Fanning about the work of Rod Serling all over social media. If you enjoy pics, quotes, facts and blog posts about The Twilight Zone, Night Gallery and Serling's other projects, you've come to the right place.

Posted on 11/20/2014, in Rod Serling, Twilight Zone and tagged , , , . Bookmark the permalink. 24 Comments.

  1. Well, since I can’t genuinely praise this episode, I’ll go ahead and praise your work writing this blog post instead!

    This was interesting and informative, and as usual, it’s written in your inimitably smooth style. I don’t care for the episode or for the actor, but I really enjoyed this post. I’ve said it before, but I’ll say it again: No one writes as well as you do, Boss.

    “Time Enough at Last” is one of the quintessential Twilight Zone episodes. Because love it or hate it, that ending is jarring. So much so that once you’ve seen it, you never forget it. What a great twist from Serling, who normally would have ended this story in a very different manner. He was definitely a master at making people think.

    These quotes from Meredith are great. How interesting to learn about how the production schedule on TZ worked. As you point out, that extra time just wasn’t something you could find on every TV show’s set. I’m sure it not only explained why Meredith made friends with the cast and crew, but also why The Twilight Zone was always so polished and perfect. Sure, like any show there are some less than perfect episodes. But come on — for the most part, the entire series worked like a well oiled machine. Just one of the many reasons it still holds up with television viewers today.

    It’s timeless, it’s classic, and I’m sure Serling’s legacy will continue to live on well into the future thanks to episodes like “Time Enough at Last” and actors as talented as Burgess Meredith.

    This post is the perfect way to commemorate many people’s favourite episode on its 55th birthday. Nicely done, my friend. :)

    • I can’t thank you enough for all the compliments. Let’s face it — if you found this post so appealing despite your dislike for the episode, I MUST be doing something right! :)

      Although I rate “Time Enough at Last” more highly than you do, I share some of your misgivings about it. At least the ending of it, as I explained in another post. I’m on the fence about it, basically. But you’re right — whether you love or hate this episode, there is no denying the power of Serling’s writing, and yes, his ability to make us think.

      And I was glad to work in Meredith’s comments about the production schedule. So much of TV, both then and now, is churned out like a product on a conveyor belt, that it never fails to amaze me how hard they worked to make TZ such a polished production. It’s such a happy anomaly, you could say. No wonder, as you say, it holds up so well today. Serling was quoted as saying just before TZ premiered that if TZ failed, it wouldn’t be for lack of trying — and it’s clear they tried very hard! Lucky us. :)

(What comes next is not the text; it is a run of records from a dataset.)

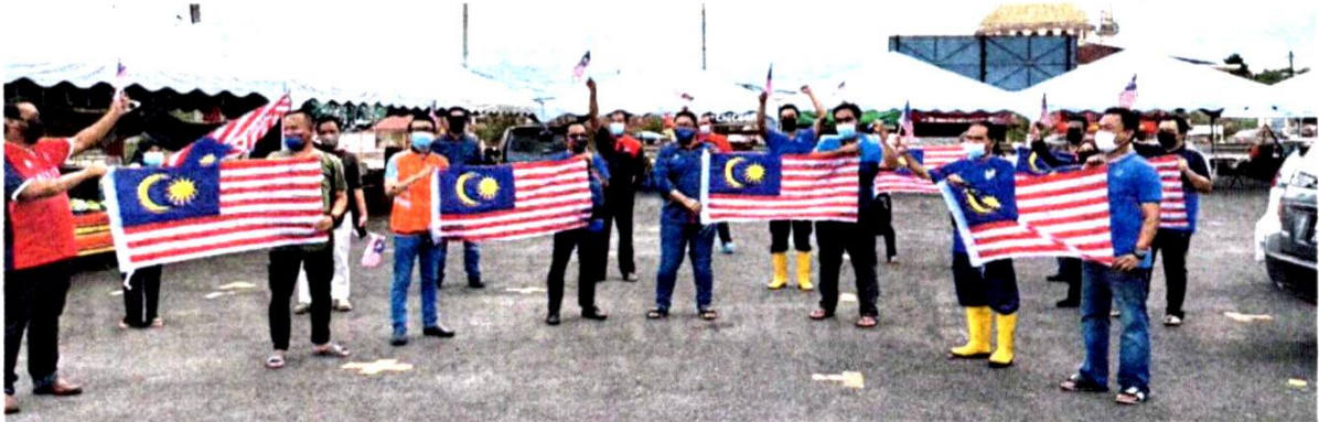
PENIAGA di Pasar Nelayan, LKIM. Kampung Pulau Meranti bersama Jalur Gemilang diagihkan Pusat Khidmat Masyarakat Dun Dengkil.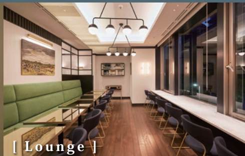
[ Lounge ]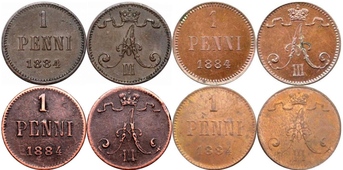
Kuva 2. Aidot ja väävät 1 pennin rahat 1884 sekä Kiinan tekeleet kuluneina ja hyväkuntoisina. Ylinnä aidot rahat, alinna tekeleet. Huomatkaa vasemmanpuolimmaisten kuluneiden rahojen pettävä samankaltaisuus. Kuvien yhdistely ja muokkaus Jorma Impola SeAMK.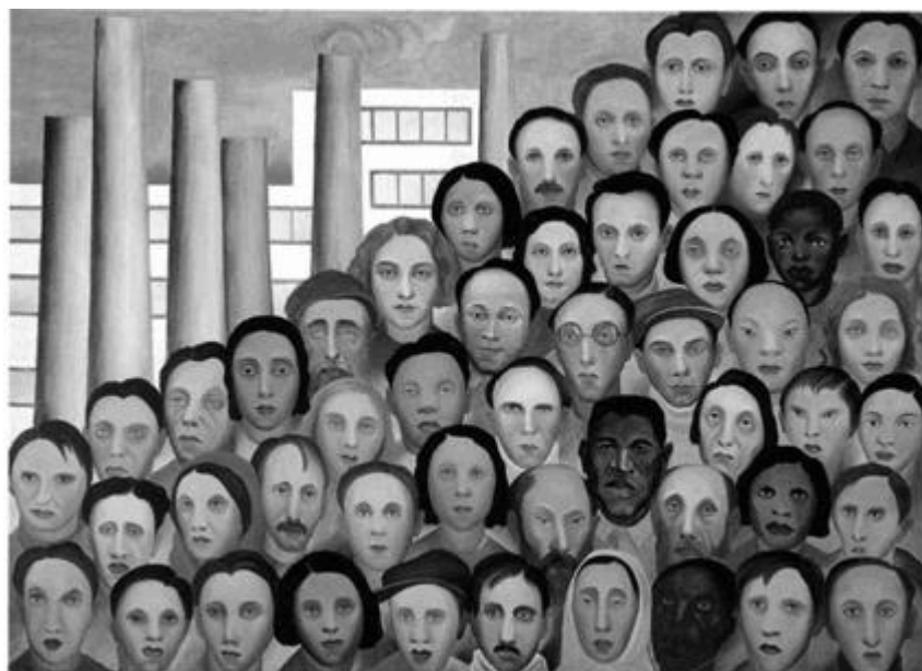
Quadro Operários, de Tarsila do Amaral, 1933. Óleo sobre tela 150 x 205 cm. Acervo Artístico-Cultural dos Palácios do Governo do Estado de São Paulo. Coleção Governo do Estado de São Paulo.

5. (MACKENZIE-2008) Observe o quadro abaixo.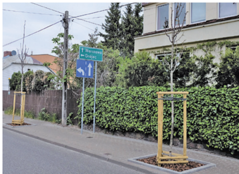
Przy ulicy Kilińskiego rosną robinie Małgorzaty Pink Cascade. Koszt posadzenia jednego takiego drzewa wraz zakupem materiału oraz roczną pielęgnacją to prawie 1200 zł

W ramach projektów Budżetu Obywatelskiego na 2020 rok posadzono 50 lip drobnolistnych przy ulicach Szkolnej i Młynarskiej oraz 20 robinii Małgorzaty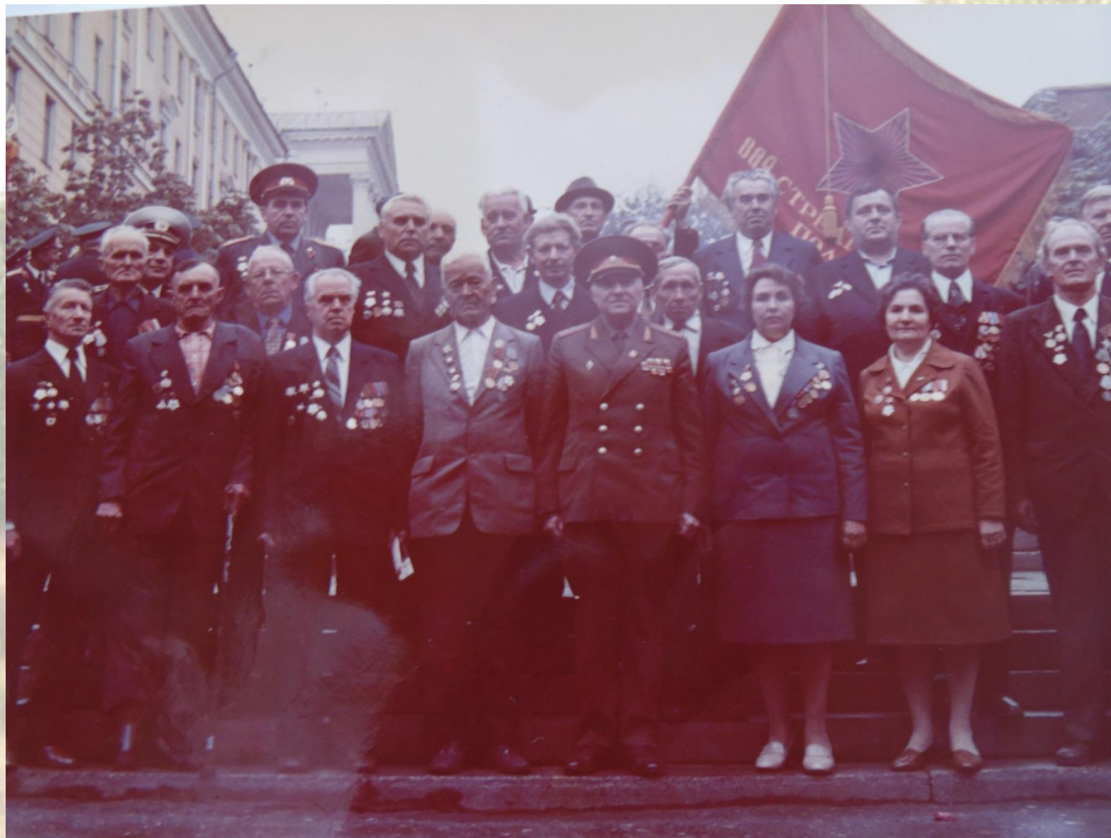
Встреча прадеда с однополчанами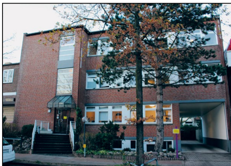
Die Erstversorgung 13 in der Straße Bötelkamp in Eimsbüttel wurde im November 2015 in Betrieb genommen. Die Einrichtung bietet 32 Plätze für unbegleitete minderjährige Flüchtlinge.

Flüchtlinge im LEB in 14 Monaten um mehr als 500 Prozent erhöht! LEB-Geschäftsführer Klaus-Dieter Müller über ein mehr als herausforderndes Jahr.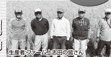
生産者ファーム上志田の皆さん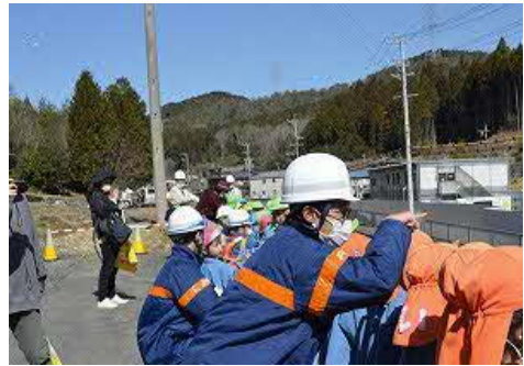
武並こども園見学会

3月14日（火）に、武並こども園の遠足の中で現場見学会を開催し、皆さんに喜んでいただきました。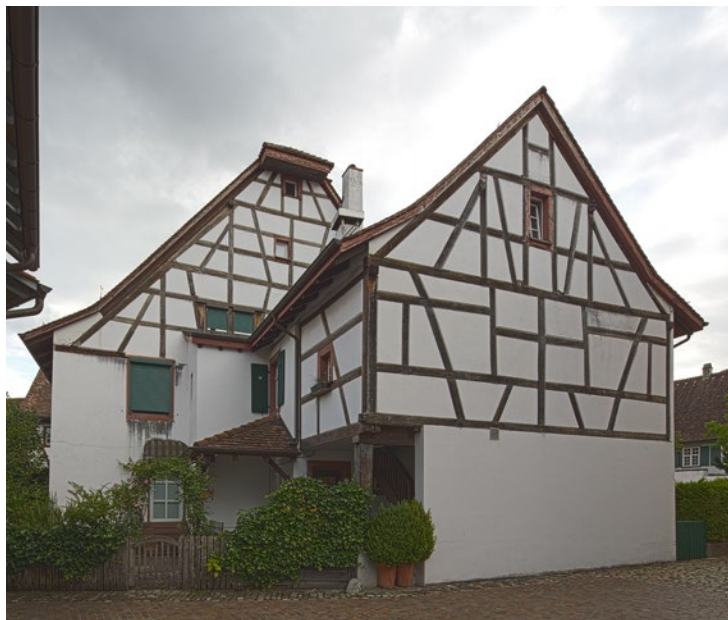
50. / 51. Haus Baselstrasse 27, links die Strassenfassade, rechts rückwärtiger Bereich (2017).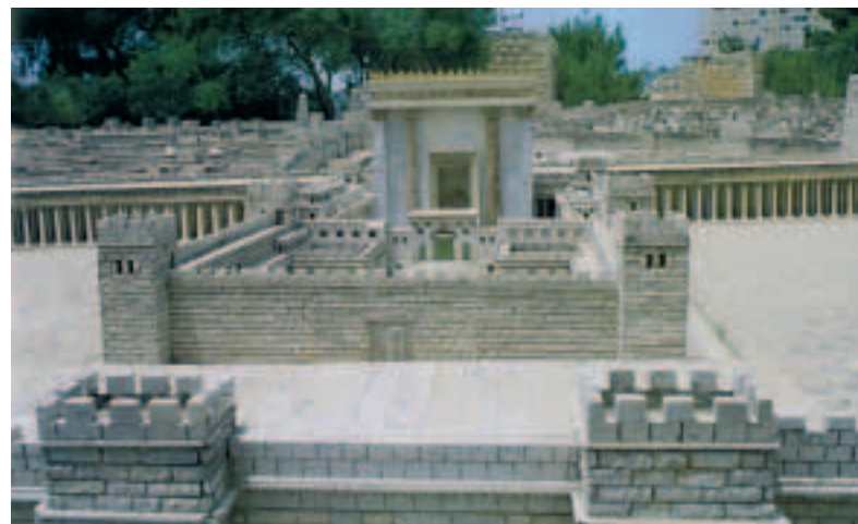
Left and above. The famous Temple of Solomon was destroyed after the Babylonians conquered Jerusalem. A model of the second temple that was constructed on the site of the first can be seen today in the garden of the Holy Land Hotel in Jerusalem. It was made on the basis of written sources and archaeological finds. In AD 70 the second temple was destroyed by the Romans. Only its western wall survived and it is now one of Judaism's most holy places — the Wailing Wall.

бескровно: великий полководец, освободитель страны Иуда Маккавей заключил в 160 году до н. э. оборонительный союз с Римом против сирийцев, потом, полтора столетия спустя, Ирод Великий признал вассальную зависимость от Рима... И наконец, после смерти Ирода стра-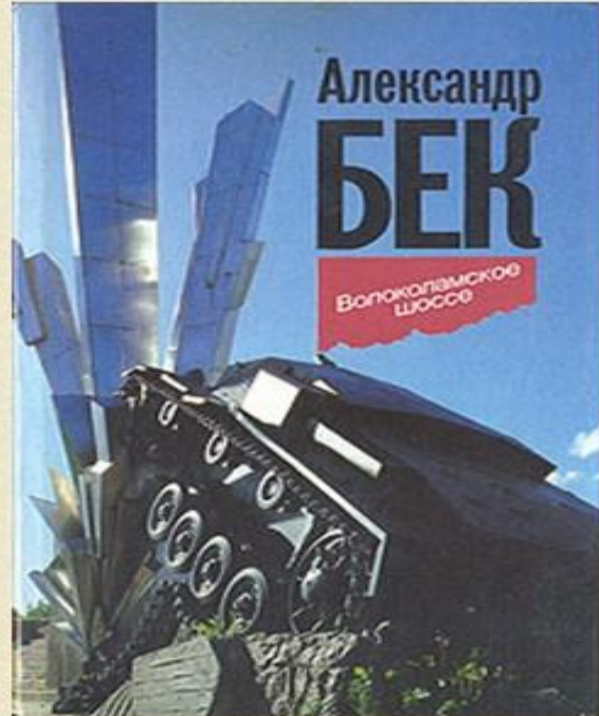
Александр Бек Повесть – «Волоколамское шоссе»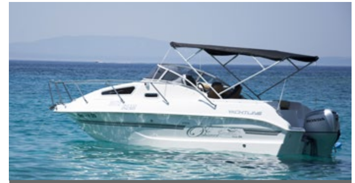
Sonnenschutzverdeck - praktischer Schattenspende

Erfragen Sie bitte unseren persönlichen Werbeträger-Rabatt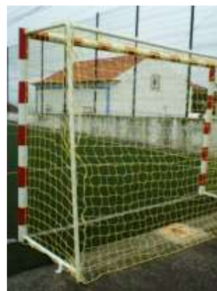
Colocação de redes de baliza no campo de futebol – Sobral da Lagoa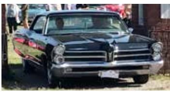
Pontiac Bonneville, 1965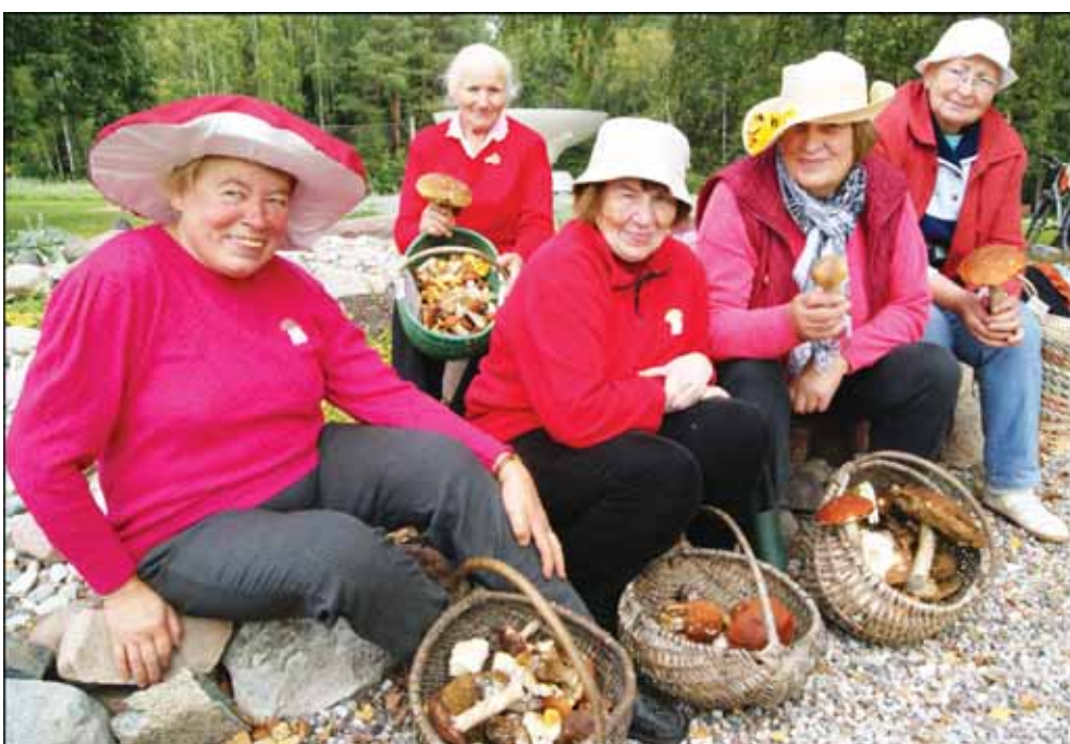
Čempionatą ir Rudens taurę laimėjo komanda „Makavykai“.

Nors grybų gausa šį sezoną labiausiai džiugino vasaros viduryje, šiuo metu šių gamtos turtų miškan išsiruošia tik užkietėję grybautojai. Nesuklysimė, kad tokie grybautojai šį šeštadienį rinkosi Švėkšnos seniūnijoje Papjaunių kaime, kur vyko ketvirtasis Grybavimo čempionatas. Jo metu rastas neįtikėtinas skaičius grybų.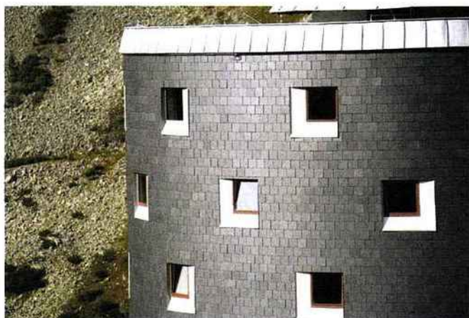
FPAN: Facades en ardoise naturelle: solution pérenne, efficiente et compétitive pour l'enveloppe des bâtiments. © FPAN (Fédération des Professionnels de l'Ardoise Naturelle). www.ardoisenaturelle.fr

  2. Great post. I feel like I missed the birthday of an old friend today. This episode always comes up when people talk about their favorites. It IS a good story but I think it’s Meredith that makes it a great one. I posted about it a couple years ago and got some interesting comments. https://bibliophilica.wordpress.com/2012/07/08/time-enough-at-last/ If you’d like to see.

    • Nice job, Jay. Very thoughtful post. I like how you considered the implications of the story for “book lovers” — well done. Thanks for stopping by and commenting!

  3. That was a great one.

  4. Hell on earth! :-]

  5. That is such a great episode. He plays that character so well. I never thought about the fact that they had access to larger more complex sets than a weekly show would normally have. I think I’ve seen Maple St used in a couple of episodes, so I should have realized it wasn’t all done for the Zone. That’s what I love about your writing Paul, you are always adding to the experience that is the Twilight Zone. Thanks.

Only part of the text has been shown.